Multiple dispatch again

Samuele Pedroni pedronis at bluewin.ch
Thu Jan 2 10:19:35 EST 2003


From: "David Mertz" <mertz at gnosis.cx>


> I've got to thinking about multimethods/multiple dispatch lately.  I
> wonder if Pythonistas have some futher opinions on the use of these.
> Actually, part of it is that I'd -really- like to better understand use
> cases for multiple dispatch.  As a trick, I can see it has a certain
> elegance, but little rock/paper/scissors toys are not, finally,
> compelling.

1) You can think about operators as multimethods vs. __add__ __radd__ .
2) Think about the visitor pattern once who have multiple dispatch.
3) Suppose you want the presentation of objects to change depending on
"context"
      pres(ctxt,obj)
4) If you have also dispatch on singletons and not only types (both Dylan
and CLOS have that too):
   e.g. PEP 246 or variations are trivially implemented
...

> There are a few things that I had particularly in mind.  In reading
> about Dylan, I found that it has a method named 'next-method( )' to
> propogate dispatch from the closest match to more distant ones.  You can
> control whether you want this to happen by including that method, or
> not.  Take a look at:
>
>     http://www.tpk.net/~ekidd/dylan/multiple-dispatch.html
>
> In my code, I added the facility to propogate dispatch.  Using the
> simple example that was a topic of conversation here 6 weeks ago, you
> can make a call like:
>
>     beats.add_rule((Fire,Thing), firepower, next_meth=AT_END)
>
> I give you options to propogate dispatch either before or after the code
> within the current method execution.

I think a multi-argument generalization of super (similar also to Cecil
resend

http://www.cs.washington.edu/research/projects/cecil/www/pubs/cecil-spec.htm
l

), would be the most flexible, pythonic solution.

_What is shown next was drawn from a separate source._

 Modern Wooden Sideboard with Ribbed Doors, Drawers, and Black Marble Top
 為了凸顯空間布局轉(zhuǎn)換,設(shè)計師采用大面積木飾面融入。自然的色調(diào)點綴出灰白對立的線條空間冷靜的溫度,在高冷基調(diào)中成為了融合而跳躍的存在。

> As well, I decided to make dispatch resolution order configurable.
> Hochberg's example was perhaps naive in fixing resolution order
> according to definition order.  That seems a little fussier than I would
> want.  So I made that configurable as well, and provide four sample
> resolution functions.  Two are naively definition-order based (either
> forward or reversed).  But two others are perhaps better candidates:
> 'lexicographic_mro()' and 'weighted_mro()'.  If I understand correctly
> (which I may not), the first follows Dylan, the second follows Damian
> Conway' Class::Multimethods.  I would be interested to understand other
> examples, particularly CLOS.  I have little intuition about what is the
> "right" answer.

lexicographic is default CLOS approach, in Dylan:

given B isa A,  then the signatures

(B,A)
(A,B)

would be ambiguous. (but if I recall correctly some(one) Dylan impl use the
CLOS ordering and not the Dylan one, oh well).

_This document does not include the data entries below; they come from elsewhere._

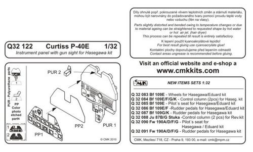 CMK Curtiss P-40E Kittyhawk/Warhawk Instrument panel with gunsight
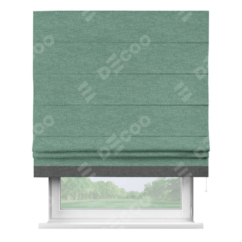 Римская штора производителя «Cortin», используется для проёма, пошита из ткани твид блэкаут бирюзовый, артикул 90934. Отделка шторы кантом «Джестер», ткань для канта используется из твида разной расцветки на выбор. Имеет универсальный механизм и подходит для монтажа: на потолок, на стену и в нишу.
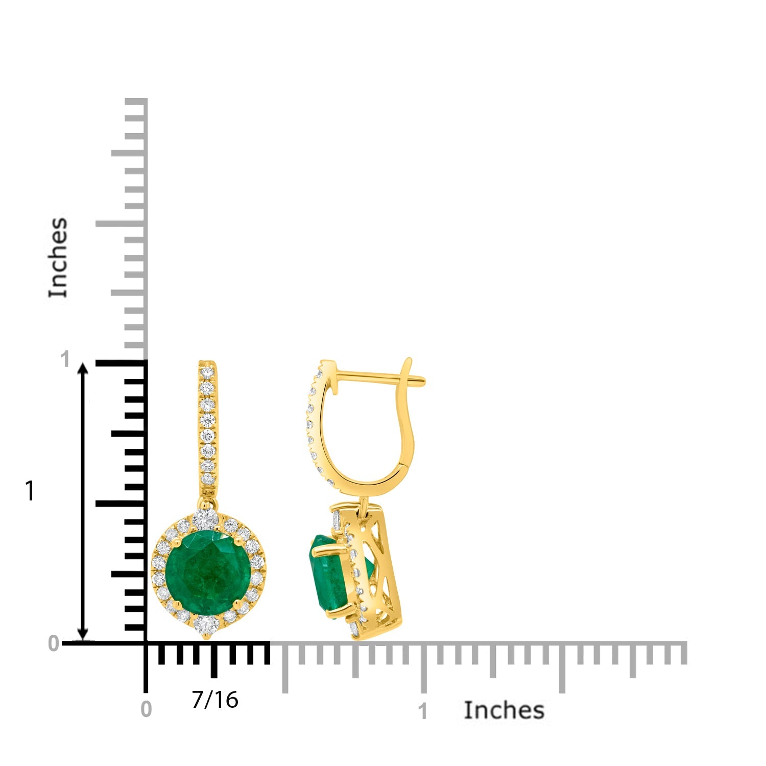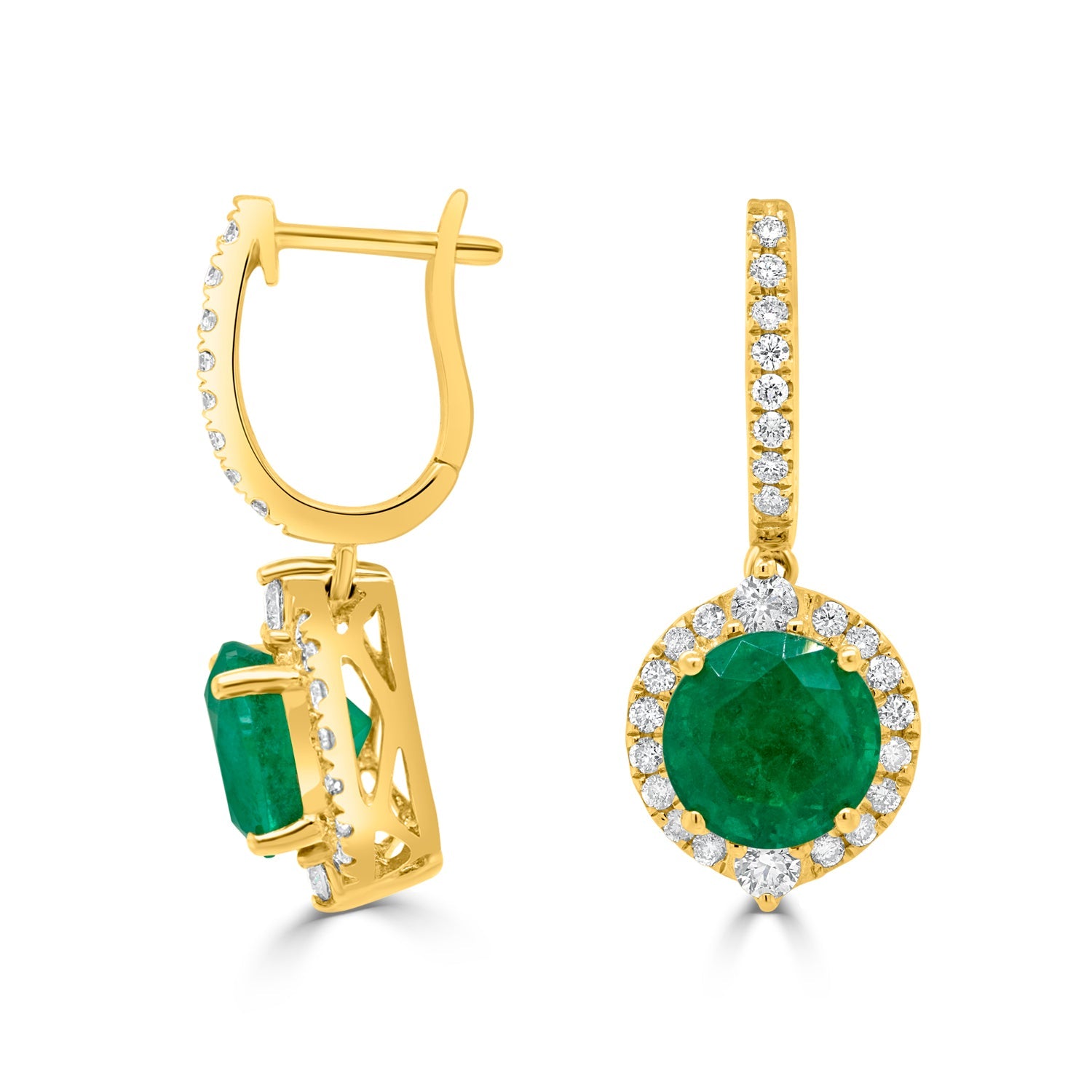 These beautiful earrings are crafted from 14K yellow gold and set with a striking round cut Emerald, bordered by mesmerizing round cut Diamonds that are sure to get you noticed.

Unless you have only single inheritance and so you don't need linearization
of class hierarchies, I don't think the weighted approach
is manageable.

> Since I allow propogated dispatch, I had to decide what to do with
> results from the function calls.  I decided to accumulate all returned
> values into a list, and let the user pick what they want.  So for
> example:
>
>     <fire, fire>      ['Fire always wins!', 'Fire always wins!', 0]
>
> But for a non-propogating rule, the list has a single member:
>
>     <rock, scissors>  [1]
>
> If you stick to either 'SKIP' or 'AT_END' propogation, you can count on
> index 0 of the return being the most specific function's value.  Or if
> conversely, you like 'AT_START', you can use index -1.  If you mix the
> two styles, it could become complicated to find relevant return values.
>

which applicable methods to call and how to combine the results is dealt in
CLOS with method combinations.

A summary of CLOS can be found here:

http://www.dreamsongs.com/NewFiles/ECOOP.pdf

regards.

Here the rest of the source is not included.